SUPPLIED MATERIAL →
————————

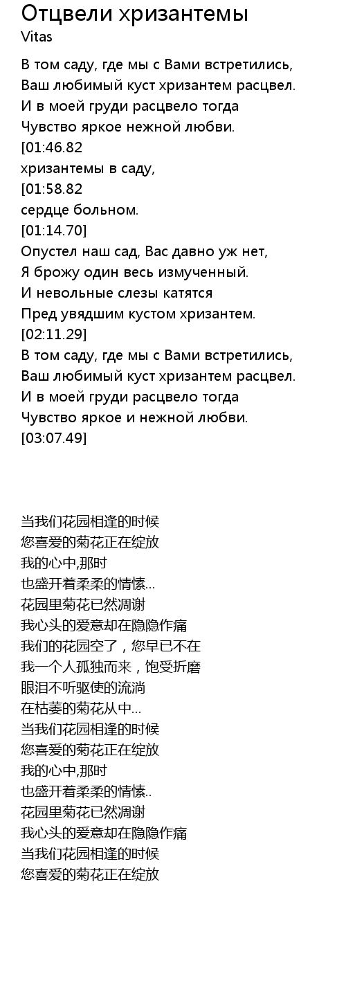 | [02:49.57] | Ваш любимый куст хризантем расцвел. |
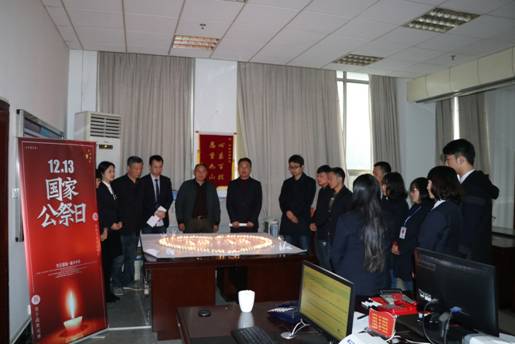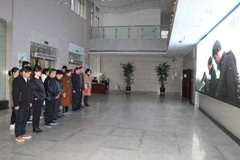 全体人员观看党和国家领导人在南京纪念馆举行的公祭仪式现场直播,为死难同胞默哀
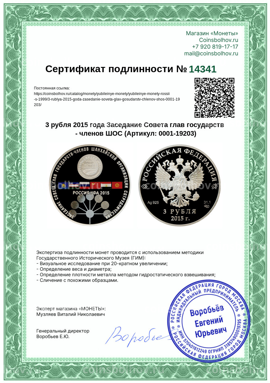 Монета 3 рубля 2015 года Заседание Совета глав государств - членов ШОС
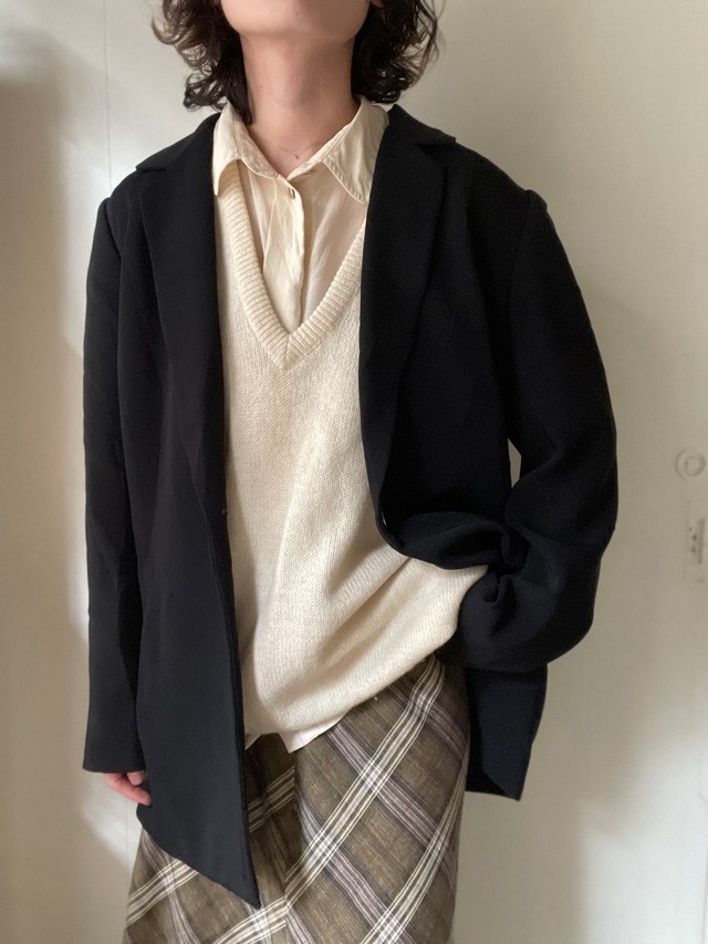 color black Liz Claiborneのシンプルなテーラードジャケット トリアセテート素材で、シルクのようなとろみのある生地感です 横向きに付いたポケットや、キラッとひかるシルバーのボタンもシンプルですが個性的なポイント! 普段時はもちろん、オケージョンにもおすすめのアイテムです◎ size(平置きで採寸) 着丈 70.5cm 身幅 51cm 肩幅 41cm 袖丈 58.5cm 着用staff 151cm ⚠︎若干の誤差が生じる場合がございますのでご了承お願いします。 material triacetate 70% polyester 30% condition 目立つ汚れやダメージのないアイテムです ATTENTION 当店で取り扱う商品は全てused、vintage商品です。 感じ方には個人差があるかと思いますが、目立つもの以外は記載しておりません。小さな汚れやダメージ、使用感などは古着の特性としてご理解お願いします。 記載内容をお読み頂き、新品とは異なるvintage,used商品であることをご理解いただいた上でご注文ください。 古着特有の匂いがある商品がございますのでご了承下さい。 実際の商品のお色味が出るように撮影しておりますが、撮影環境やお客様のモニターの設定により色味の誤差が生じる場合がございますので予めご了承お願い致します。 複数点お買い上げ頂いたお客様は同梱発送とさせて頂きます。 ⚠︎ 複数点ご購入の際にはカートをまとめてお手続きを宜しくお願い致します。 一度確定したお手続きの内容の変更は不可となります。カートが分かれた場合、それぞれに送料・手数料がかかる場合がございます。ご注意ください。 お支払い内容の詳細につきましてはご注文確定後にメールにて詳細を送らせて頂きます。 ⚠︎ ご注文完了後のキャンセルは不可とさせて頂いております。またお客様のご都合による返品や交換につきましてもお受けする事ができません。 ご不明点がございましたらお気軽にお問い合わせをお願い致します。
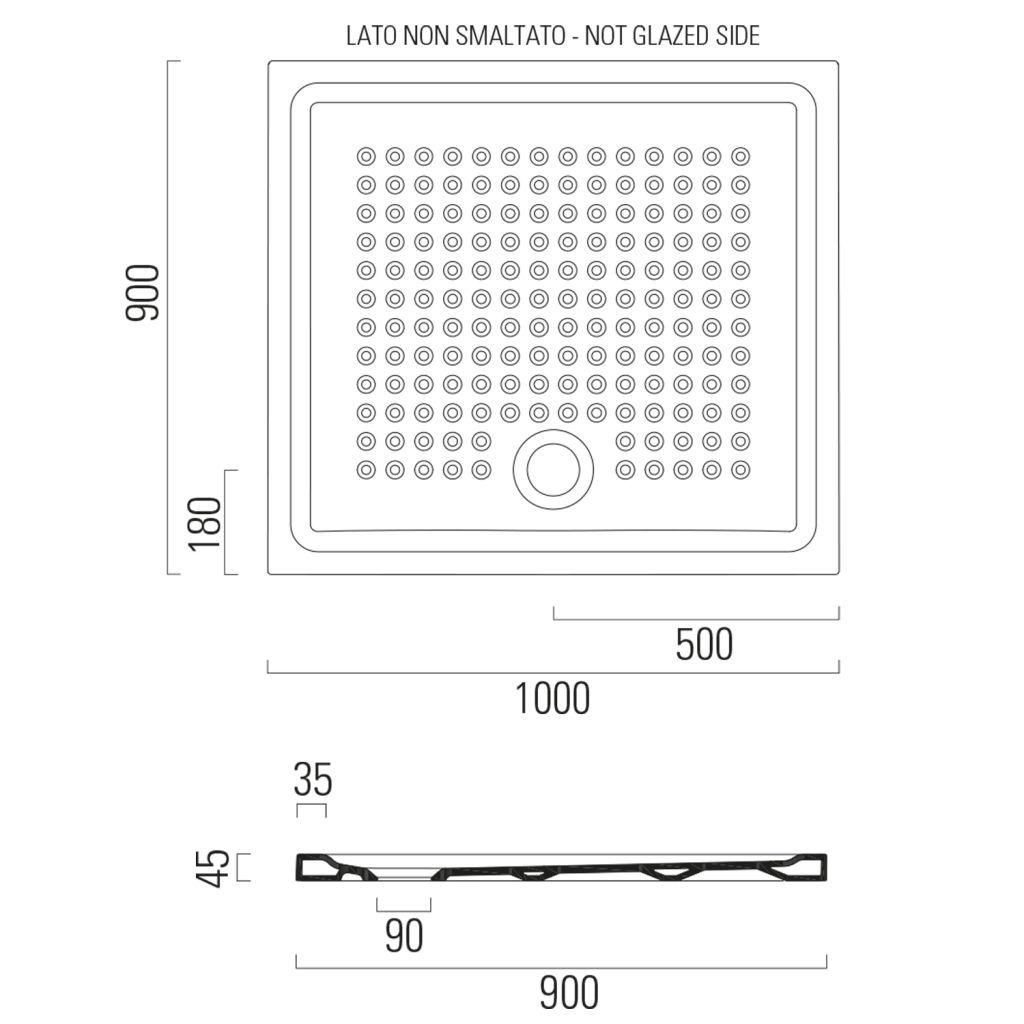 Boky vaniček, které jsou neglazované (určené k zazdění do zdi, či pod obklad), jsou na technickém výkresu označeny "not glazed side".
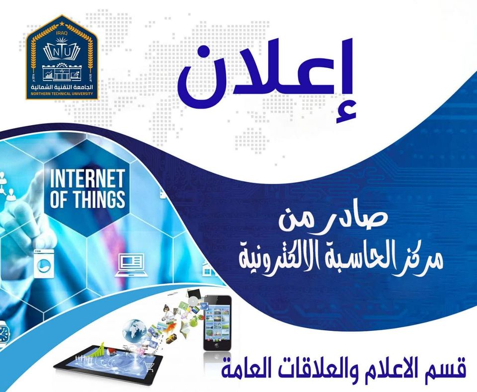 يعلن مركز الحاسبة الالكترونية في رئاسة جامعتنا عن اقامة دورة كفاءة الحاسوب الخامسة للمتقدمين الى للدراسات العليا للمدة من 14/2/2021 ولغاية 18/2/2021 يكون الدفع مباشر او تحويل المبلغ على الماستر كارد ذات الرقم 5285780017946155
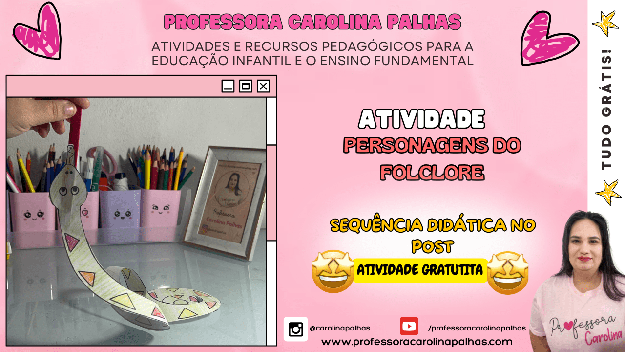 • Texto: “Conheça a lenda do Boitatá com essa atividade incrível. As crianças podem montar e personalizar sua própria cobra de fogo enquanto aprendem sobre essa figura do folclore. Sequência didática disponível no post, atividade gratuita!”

————————

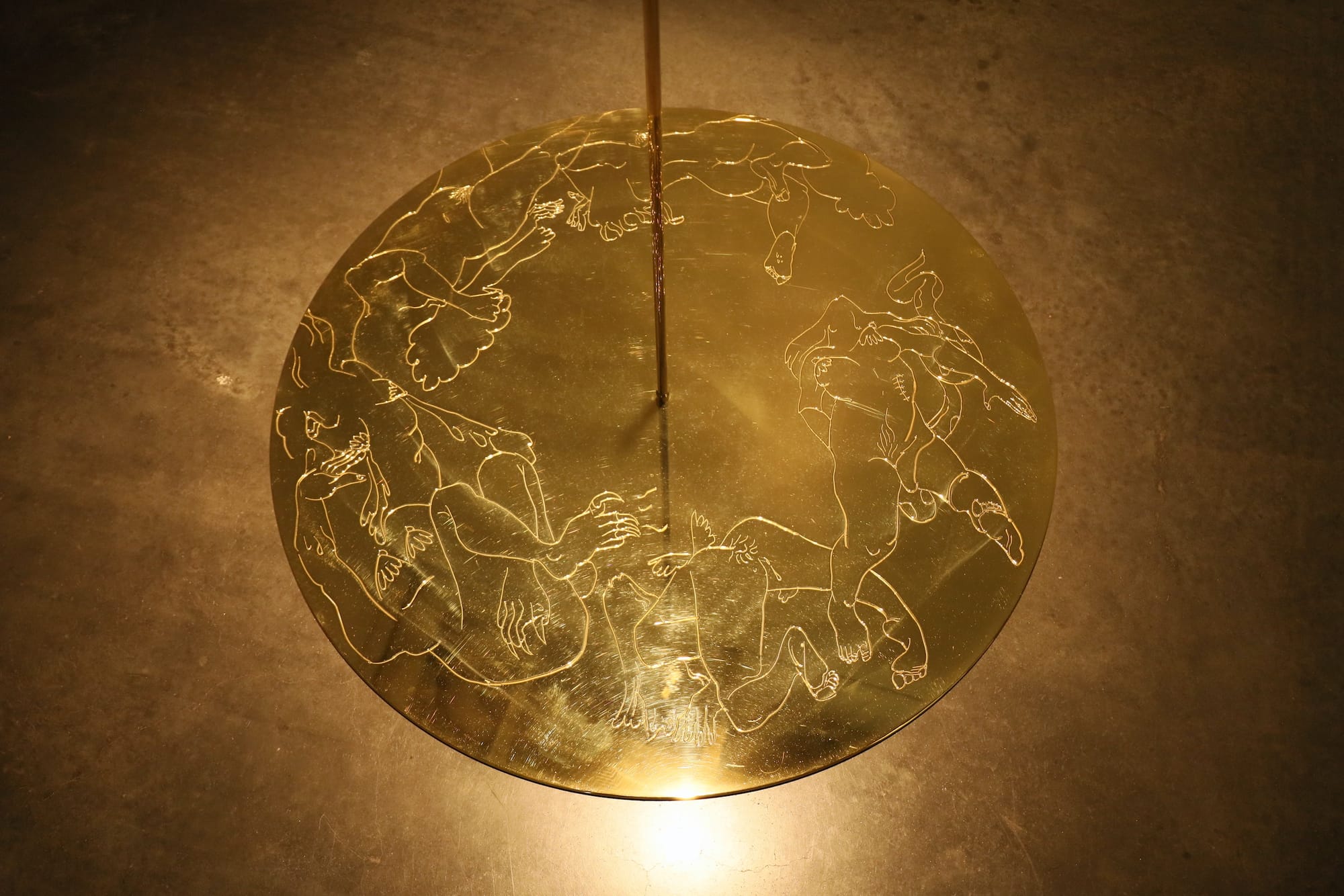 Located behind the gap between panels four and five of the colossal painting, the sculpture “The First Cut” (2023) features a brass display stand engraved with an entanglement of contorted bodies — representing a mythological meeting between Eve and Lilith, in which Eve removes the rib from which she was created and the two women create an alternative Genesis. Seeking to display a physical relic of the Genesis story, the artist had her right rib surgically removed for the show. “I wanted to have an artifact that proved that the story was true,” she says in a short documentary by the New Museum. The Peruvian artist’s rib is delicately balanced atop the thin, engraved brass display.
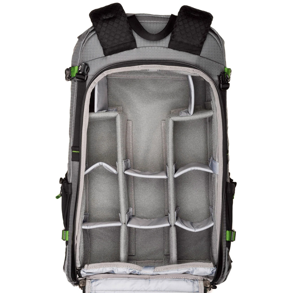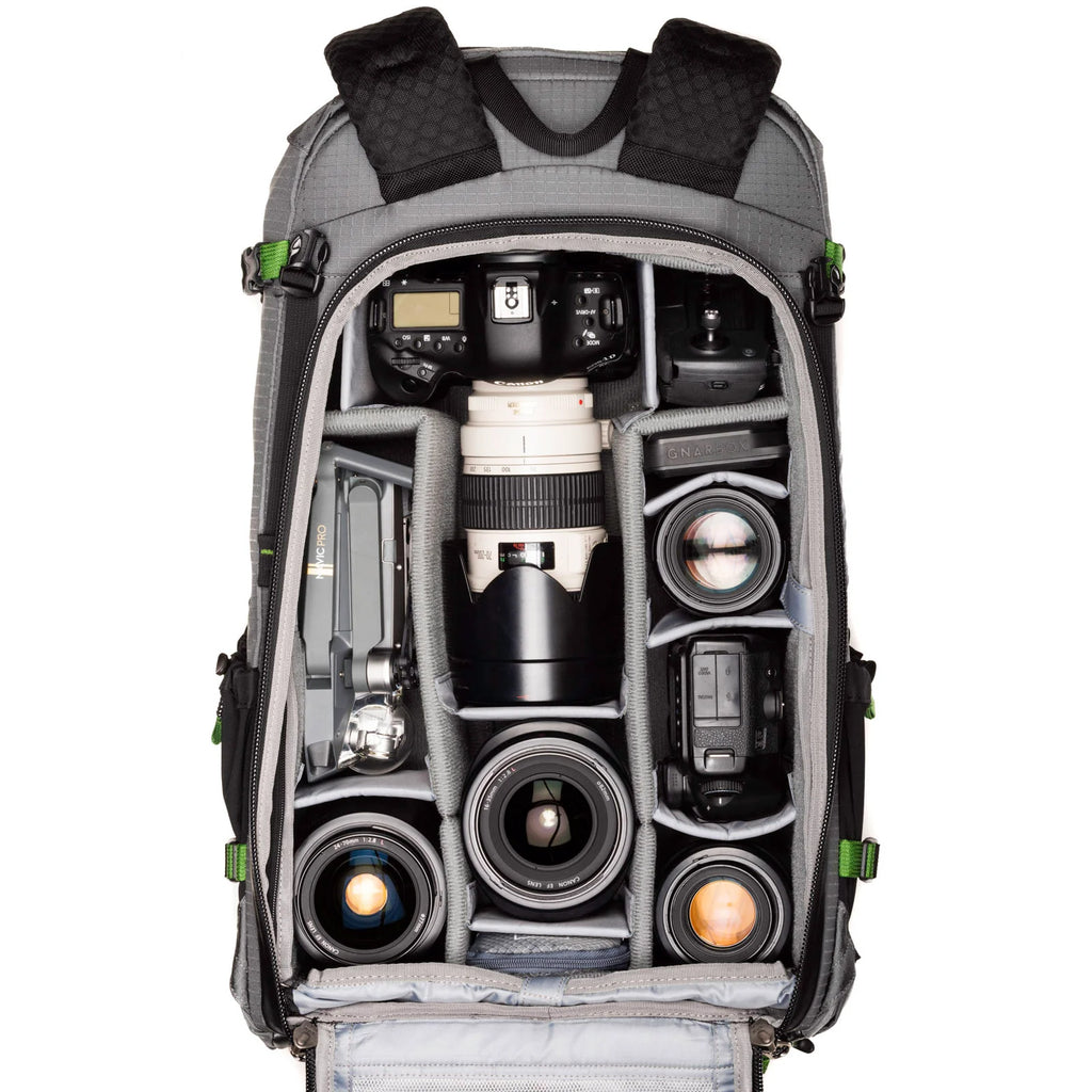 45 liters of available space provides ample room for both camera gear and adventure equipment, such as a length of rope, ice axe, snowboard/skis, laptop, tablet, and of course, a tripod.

————————

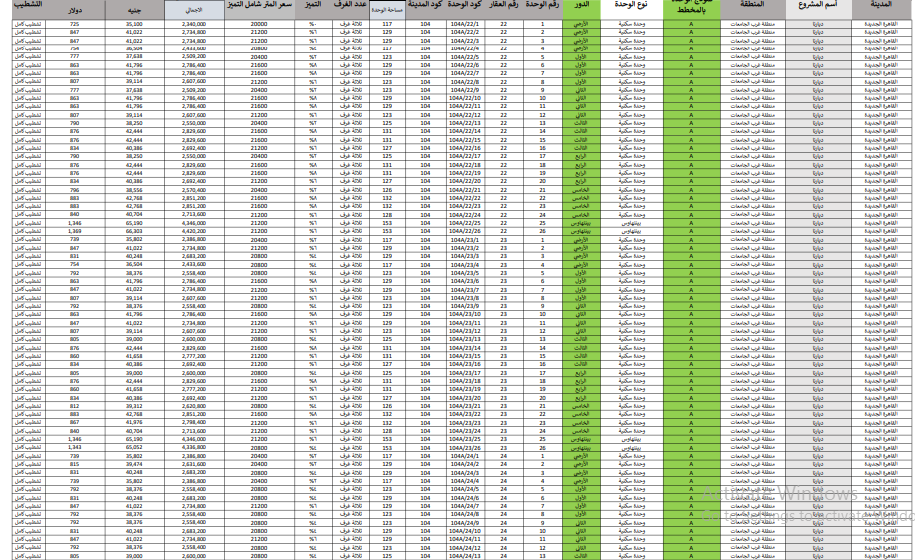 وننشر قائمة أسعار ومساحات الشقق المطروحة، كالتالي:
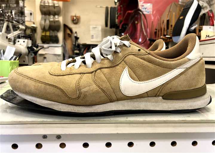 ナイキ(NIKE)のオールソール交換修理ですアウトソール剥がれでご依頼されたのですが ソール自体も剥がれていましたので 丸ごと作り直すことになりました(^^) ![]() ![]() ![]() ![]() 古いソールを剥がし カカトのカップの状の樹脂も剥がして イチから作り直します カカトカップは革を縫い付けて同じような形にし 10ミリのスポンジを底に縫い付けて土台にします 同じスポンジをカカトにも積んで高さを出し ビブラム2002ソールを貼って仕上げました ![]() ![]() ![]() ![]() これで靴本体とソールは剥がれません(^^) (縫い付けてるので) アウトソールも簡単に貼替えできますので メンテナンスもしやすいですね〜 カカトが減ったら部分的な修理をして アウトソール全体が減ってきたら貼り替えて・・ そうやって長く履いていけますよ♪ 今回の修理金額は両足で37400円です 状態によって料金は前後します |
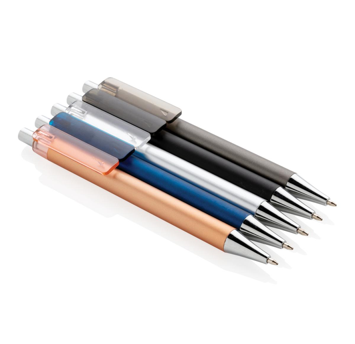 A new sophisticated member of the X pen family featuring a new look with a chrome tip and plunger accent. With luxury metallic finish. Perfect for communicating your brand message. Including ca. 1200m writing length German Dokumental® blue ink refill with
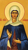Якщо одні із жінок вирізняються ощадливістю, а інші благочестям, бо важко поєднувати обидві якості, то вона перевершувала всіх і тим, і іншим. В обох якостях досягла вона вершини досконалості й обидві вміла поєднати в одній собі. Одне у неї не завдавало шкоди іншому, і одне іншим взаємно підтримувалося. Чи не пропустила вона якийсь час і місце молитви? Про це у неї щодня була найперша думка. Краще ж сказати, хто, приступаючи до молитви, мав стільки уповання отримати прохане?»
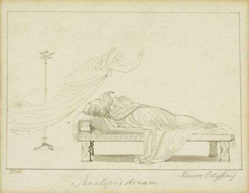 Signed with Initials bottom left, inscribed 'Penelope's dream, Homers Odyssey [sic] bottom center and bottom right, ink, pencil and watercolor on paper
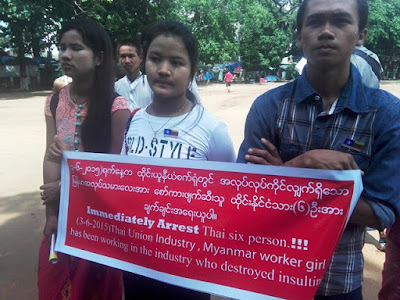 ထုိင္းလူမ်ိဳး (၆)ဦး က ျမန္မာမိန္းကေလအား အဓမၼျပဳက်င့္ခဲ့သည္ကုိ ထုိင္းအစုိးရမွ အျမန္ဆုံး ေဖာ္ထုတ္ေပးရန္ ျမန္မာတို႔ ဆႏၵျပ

————————

EXERCISE INSTRUCTIONS → Give again, exactly as written above, each line from the one that has "يعلن مركز الحاسبة" to the one that has "lenda do Boitatá", both included; omit the pictures.

EXERCISE RESULT →
 يعلن مركز الحاسبة الالكترونية في رئاسة جامعتنا عن اقامة دورة كفاءة الحاسوب الخامسة للمتقدمين الى للدراسات العليا للمدة من 14/2/2021 ولغاية 18/2/2021 يكون الدفع مباشر او تحويل المبلغ على الماستر كارد ذات الرقم 5285780017946155
 • Texto: “Conheça a lenda do Boitatá com essa atividade incrível. As crianças podem montar e personalizar sua própria cobra de fogo enquanto aprendem sobre essa figura do folclore. Sequência didática disponível no post, atividade gratuita!”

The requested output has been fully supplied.